• YOUR ASSIGNMENT: Find and copy each line in the material below where the string "Dual" occurs.

• DATA FOR ANALYSIS:
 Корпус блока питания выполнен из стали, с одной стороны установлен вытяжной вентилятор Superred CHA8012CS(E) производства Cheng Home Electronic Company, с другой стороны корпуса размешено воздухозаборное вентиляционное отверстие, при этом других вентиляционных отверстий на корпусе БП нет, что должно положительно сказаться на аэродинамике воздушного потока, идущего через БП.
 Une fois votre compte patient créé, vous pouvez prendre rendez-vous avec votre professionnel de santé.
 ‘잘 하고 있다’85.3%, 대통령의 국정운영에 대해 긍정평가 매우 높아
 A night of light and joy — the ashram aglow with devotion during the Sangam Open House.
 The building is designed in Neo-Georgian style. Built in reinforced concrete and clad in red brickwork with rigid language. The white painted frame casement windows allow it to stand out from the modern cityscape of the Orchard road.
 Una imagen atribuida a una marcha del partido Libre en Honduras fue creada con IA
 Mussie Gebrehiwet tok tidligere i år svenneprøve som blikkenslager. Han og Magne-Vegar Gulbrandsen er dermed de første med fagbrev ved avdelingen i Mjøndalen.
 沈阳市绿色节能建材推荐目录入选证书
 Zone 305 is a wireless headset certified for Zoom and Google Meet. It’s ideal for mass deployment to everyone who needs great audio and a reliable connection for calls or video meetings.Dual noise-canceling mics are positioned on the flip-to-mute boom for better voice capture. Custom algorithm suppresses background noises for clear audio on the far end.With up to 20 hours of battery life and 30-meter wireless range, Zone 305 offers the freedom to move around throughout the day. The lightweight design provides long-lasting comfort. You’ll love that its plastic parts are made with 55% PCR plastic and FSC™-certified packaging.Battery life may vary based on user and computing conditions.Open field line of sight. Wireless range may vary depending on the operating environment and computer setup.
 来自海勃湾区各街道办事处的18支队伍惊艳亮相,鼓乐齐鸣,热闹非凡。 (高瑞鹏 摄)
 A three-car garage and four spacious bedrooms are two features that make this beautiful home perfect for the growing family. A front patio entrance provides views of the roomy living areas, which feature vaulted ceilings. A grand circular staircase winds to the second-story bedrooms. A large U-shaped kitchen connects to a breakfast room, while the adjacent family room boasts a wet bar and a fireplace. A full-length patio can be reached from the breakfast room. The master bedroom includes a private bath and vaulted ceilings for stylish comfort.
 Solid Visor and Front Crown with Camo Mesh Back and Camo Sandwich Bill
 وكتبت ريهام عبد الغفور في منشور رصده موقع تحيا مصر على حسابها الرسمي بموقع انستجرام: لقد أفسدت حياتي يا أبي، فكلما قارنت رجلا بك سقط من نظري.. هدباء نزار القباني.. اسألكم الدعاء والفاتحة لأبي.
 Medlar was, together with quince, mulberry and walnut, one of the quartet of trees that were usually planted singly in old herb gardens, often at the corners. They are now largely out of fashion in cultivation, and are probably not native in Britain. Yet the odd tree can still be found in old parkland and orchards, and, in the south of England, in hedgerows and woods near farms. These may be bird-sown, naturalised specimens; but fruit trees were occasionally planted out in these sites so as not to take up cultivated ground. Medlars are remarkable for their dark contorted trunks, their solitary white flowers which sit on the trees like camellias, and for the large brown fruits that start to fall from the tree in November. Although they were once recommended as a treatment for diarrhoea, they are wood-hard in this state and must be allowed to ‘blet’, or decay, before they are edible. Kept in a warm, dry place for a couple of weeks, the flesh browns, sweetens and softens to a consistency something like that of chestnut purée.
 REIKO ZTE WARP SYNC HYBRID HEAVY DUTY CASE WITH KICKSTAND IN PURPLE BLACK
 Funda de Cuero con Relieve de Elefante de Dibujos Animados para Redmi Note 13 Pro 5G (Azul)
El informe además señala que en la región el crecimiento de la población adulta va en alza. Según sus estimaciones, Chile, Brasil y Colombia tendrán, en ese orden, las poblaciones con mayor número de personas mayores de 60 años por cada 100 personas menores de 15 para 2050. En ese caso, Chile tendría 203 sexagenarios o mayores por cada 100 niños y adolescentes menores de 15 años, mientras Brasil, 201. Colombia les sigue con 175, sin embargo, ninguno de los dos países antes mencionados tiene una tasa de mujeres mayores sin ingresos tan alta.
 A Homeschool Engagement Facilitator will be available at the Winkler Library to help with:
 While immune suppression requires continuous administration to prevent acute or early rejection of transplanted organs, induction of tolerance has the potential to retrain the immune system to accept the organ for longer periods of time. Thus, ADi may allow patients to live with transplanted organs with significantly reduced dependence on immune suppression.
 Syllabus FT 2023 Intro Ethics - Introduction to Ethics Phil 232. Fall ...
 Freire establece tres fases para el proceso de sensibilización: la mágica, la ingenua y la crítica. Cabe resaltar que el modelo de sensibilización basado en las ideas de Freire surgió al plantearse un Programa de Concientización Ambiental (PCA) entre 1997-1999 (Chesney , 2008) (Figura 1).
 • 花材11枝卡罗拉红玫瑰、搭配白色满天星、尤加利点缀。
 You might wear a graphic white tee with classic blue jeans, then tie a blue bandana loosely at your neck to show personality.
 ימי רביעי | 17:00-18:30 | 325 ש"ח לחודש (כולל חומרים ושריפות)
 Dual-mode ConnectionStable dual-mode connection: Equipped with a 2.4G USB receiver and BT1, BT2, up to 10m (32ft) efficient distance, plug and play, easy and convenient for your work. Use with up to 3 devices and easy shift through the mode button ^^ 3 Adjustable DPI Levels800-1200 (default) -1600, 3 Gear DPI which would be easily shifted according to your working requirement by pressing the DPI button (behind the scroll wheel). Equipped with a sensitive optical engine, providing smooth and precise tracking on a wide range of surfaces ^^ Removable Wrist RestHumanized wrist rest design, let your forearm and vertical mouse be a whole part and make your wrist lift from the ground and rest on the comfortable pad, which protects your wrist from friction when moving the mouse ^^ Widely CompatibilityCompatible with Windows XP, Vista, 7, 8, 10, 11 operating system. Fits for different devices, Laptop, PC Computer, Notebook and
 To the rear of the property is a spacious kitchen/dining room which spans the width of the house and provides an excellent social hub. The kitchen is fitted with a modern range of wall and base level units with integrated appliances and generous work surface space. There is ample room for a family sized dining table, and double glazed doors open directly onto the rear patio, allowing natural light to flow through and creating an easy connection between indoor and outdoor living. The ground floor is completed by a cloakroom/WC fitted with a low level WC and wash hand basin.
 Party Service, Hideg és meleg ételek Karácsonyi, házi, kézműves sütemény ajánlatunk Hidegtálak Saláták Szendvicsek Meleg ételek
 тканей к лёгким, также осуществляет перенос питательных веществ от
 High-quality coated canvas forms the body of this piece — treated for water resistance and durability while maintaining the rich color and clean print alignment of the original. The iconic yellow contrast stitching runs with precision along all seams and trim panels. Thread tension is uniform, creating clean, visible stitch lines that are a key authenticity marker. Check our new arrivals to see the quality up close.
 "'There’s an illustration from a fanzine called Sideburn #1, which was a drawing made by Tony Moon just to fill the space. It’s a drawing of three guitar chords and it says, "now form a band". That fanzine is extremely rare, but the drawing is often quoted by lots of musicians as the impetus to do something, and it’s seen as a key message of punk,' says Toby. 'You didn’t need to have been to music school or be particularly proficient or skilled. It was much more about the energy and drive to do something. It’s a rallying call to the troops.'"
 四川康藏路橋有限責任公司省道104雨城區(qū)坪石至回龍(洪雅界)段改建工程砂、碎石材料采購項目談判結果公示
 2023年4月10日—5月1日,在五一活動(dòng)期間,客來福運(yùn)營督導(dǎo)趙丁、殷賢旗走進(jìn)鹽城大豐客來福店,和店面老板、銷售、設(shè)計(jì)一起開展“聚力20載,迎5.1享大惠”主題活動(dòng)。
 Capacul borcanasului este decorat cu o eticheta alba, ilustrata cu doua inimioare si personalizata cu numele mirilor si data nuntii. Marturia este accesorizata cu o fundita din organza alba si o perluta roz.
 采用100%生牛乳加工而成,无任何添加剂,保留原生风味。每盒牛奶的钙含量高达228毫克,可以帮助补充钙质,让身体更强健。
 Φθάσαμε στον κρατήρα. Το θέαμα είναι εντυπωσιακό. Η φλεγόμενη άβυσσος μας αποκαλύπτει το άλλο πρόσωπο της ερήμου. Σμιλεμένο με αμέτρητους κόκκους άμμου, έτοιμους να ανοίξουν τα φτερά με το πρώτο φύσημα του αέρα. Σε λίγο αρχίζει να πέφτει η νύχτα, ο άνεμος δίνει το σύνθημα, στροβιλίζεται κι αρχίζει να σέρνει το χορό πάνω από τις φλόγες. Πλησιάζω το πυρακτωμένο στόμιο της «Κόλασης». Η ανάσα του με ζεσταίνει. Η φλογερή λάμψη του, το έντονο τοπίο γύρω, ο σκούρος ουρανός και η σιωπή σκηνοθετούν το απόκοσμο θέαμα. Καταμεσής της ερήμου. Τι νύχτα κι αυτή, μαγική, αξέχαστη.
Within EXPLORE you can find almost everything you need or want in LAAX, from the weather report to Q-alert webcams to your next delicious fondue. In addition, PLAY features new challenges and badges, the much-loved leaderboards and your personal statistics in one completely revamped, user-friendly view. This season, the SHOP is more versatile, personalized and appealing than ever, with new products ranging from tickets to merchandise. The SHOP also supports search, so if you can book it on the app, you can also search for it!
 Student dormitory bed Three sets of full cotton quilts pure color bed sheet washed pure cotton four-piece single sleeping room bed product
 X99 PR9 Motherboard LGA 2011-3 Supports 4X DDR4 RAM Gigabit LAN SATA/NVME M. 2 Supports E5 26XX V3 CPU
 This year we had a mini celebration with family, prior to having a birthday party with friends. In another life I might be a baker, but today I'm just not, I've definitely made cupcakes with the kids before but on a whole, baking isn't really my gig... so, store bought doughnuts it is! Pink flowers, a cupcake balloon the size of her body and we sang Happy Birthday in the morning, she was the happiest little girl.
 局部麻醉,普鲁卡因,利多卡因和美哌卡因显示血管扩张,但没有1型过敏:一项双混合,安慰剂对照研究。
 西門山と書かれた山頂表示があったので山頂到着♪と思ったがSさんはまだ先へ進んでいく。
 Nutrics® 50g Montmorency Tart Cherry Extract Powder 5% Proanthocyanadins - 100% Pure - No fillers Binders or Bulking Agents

• REPLY:
 Zone 305 is a wireless headset certified for Zoom and Google Meet. It’s ideal for mass deployment to everyone who needs great audio and a reliable connection for calls or video meetings.Dual noise-canceling mics are positioned on the flip-to-mute boom for better voice capture. Custom algorithm suppresses background noises for clear audio on the far end.With up to 20 hours of battery life and 30-meter wireless range, Zone 305 offers the freedom to move around throughout the day. The lightweight design provides long-lasting comfort. You’ll love that its plastic parts are made with 55% PCR plastic and FSC™-certified packaging.Battery life may vary based on user and computing conditions.Open field line of sight. Wireless range may vary depending on the operating environment and computer setup.
 Dual-mode ConnectionStable dual-mode connection: Equipped with a 2.4G USB receiver and BT1, BT2, up to 10m (32ft) efficient distance, plug and play, easy and convenient for your work. Use with up to 3 devices and easy shift through the mode button ^^ 3 Adjustable DPI Levels800-1200 (default) -1600, 3 Gear DPI which would be easily shifted according to your working requirement by pressing the DPI button (behind the scroll wheel). Equipped with a sensitive optical engine, providing smooth and precise tracking on a wide range of surfaces ^^ Removable Wrist RestHumanized wrist rest design, let your forearm and vertical mouse be a whole part and make your wrist lift from the ground and rest on the comfortable pad, which protects your wrist from friction when moving the mouse ^^ Widely CompatibilityCompatible with Windows XP, Vista, 7, 8, 10, 11 operating system. Fits for different devices, Laptop, PC Computer, Notebook and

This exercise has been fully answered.